▶ _Your assignment_: Print the entries below exactly as they appear, from the first line up to and including the line with "Tank of the". Do not print any pictures.

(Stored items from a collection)

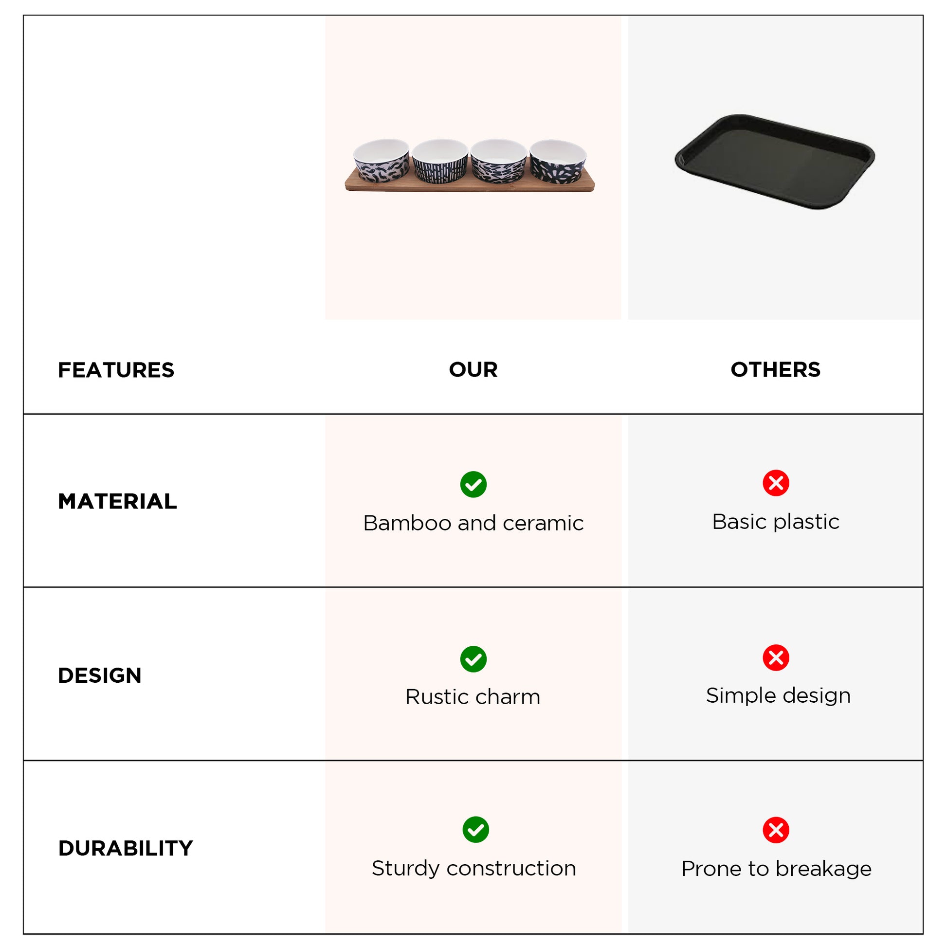 • ELEGANT DESIGN: Chic black and white ceramic bowls (8.5cm diameter) paired with a stylish bamboo tray that enhances any dining space.
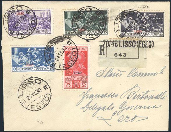 2817 LISSO 12-16 imageLISSO 12-16, Complete Ferrucci set neatly tied by Lisso 24 Nov, 1930 CDS's on Reg'd cover to Lero. VF. Cat $140 US (Image) Estimate 85.00+ $Cdn
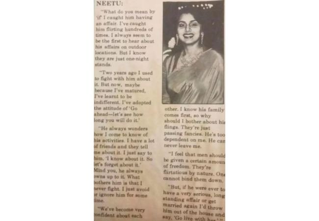 पुढे नीतू असं देखील म्हणाल्या की, “ऋषी याचं आऊटडोअर शुटींग असलं की त्यांच्या प्रत्येक अफेरबद्दल मला कसं कळतं याचं त्यांना आश्चर्य वाटायचं… शिवाय, त्यांना मला सगळं माहित असूनही मी शांत कशी राहते ही गोष्ट खटकायची… पण नंतर भांडण न करता मी या विषयांवर बोलणं बंद केलं आणि माझं आयुष्य जगू लागले… कारण मला माहित होतं की, ऋषी माझ्याशिवाय राहू शकत नव्हते. काहीही झाले तरी, त्यांना कुटुंबच निवडावं लागणारं होतं”…या मुलाखतीवेळी नीतू यांची पुरुषांच्या स्वभावावर प्रकाशझोत टाकत असं म्हटलं की,“फ्लर्टिंग हा पुरुषांचा मुळ स्वभावच आहे. त्यामुळे त्यांना थोडीफार मोकळीक द्यायला हवी.”
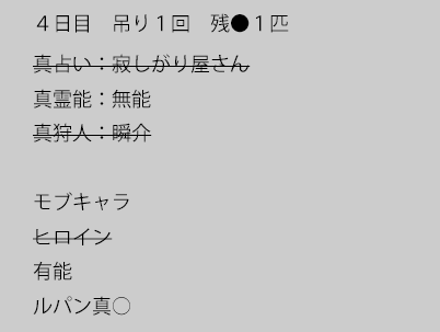 次回は反省会です!1日目、狩人の動きについて、2日目、人狼を断定できた根拠を反省したり考えたりします!
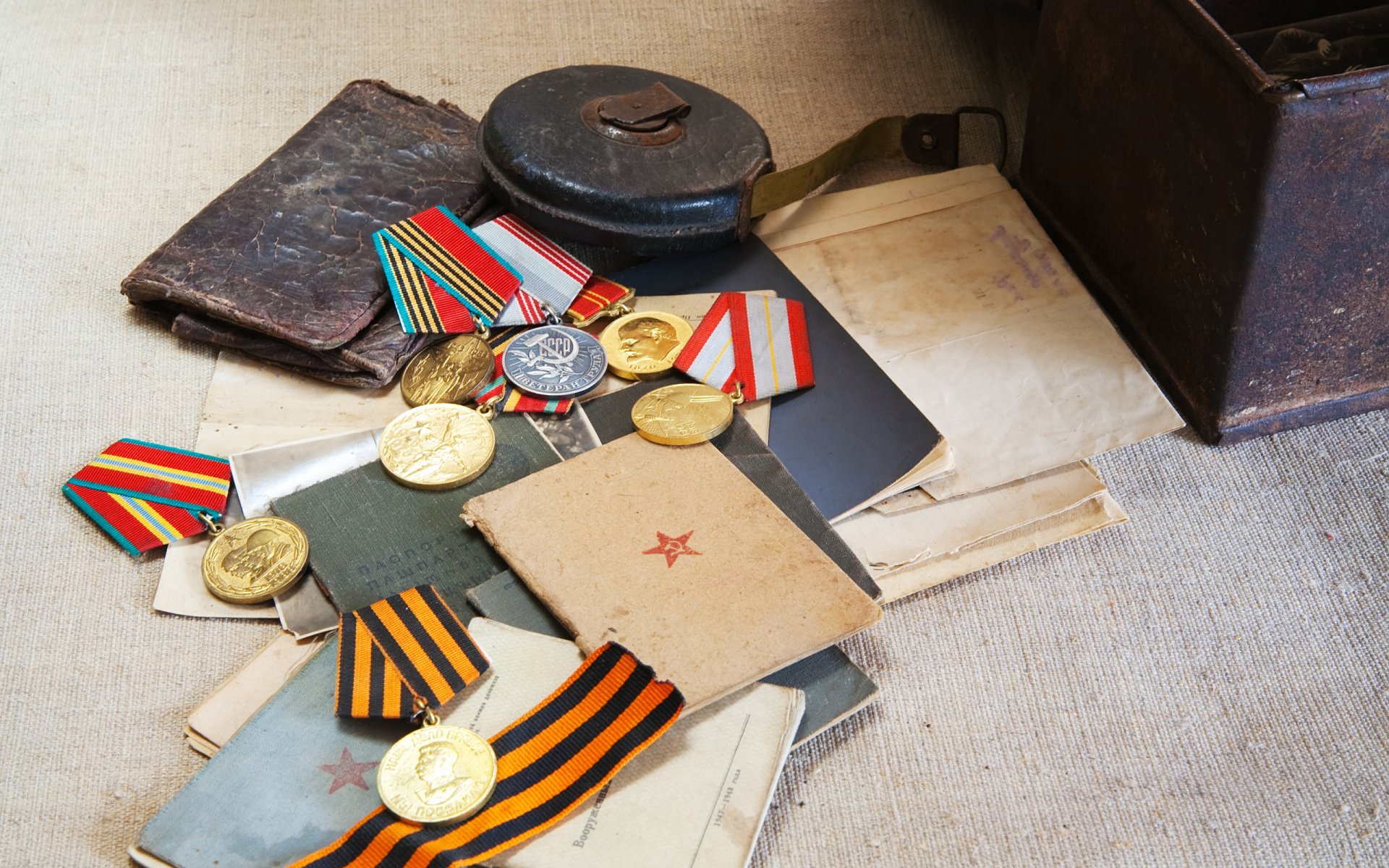 Tank of the world war ii period on the green grass next to the trees against the sky
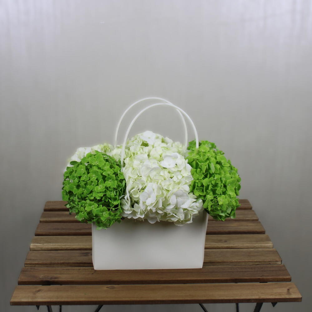Une composition rafraîchissante d'hortensias blancs et verts élégamment présentée dans un sac. Les fleurs blanches immaculées exhalent pureté et grâce, tandis que les hortensias verts éclatants apportent une touche vive du charme de la nature. Ensemble, elles créent un mélange harmonieux d'élégance et de fraîcheur, parfait pour toute occasion. Cette présentation élégante en fait un cadeau idéal ou un objet décoratif, apportant beauté et sophistication à tout espace grâce à son attrait intemporel.

▶ _Finished exercise_:
 • ELEGANT DESIGN: Chic black and white ceramic bowls (8.5cm diameter) paired with a stylish bamboo tray that enhances any dining space.
 2817 LISSO 12-16 imageLISSO 12-16, Complete Ferrucci set neatly tied by Lisso 24 Nov, 1930 CDS's on Reg'd cover to Lero. VF. Cat $140 US (Image) Estimate 85.00+ $Cdn
 पुढे नीतू असं देखील म्हणाल्या की, “ऋषी याचं आऊटडोअर शुटींग असलं की त्यांच्या प्रत्येक अफेरबद्दल मला कसं कळतं याचं त्यांना आश्चर्य वाटायचं… शिवाय, त्यांना मला सगळं माहित असूनही मी शांत कशी राहते ही गोष्ट खटकायची… पण नंतर भांडण न करता मी या विषयांवर बोलणं बंद केलं आणि माझं आयुष्य जगू लागले… कारण मला माहित होतं की, ऋषी माझ्याशिवाय राहू शकत नव्हते. काहीही झाले तरी, त्यांना कुटुंबच निवडावं लागणारं होतं”…या मुलाखतीवेळी नीतू यांची पुरुषांच्या स्वभावावर प्रकाशझोत टाकत असं म्हटलं की,“फ्लर्टिंग हा पुरुषांचा मुळ स्वभावच आहे. त्यामुळे त्यांना थोडीफार मोकळीक द्यायला हवी.”
 次回は反省会です!1日目、狩人の動きについて、2日目、人狼を断定できた根拠を反省したり考えたりします!
 Tank of the world war ii period on the green grass next to the trees against the sky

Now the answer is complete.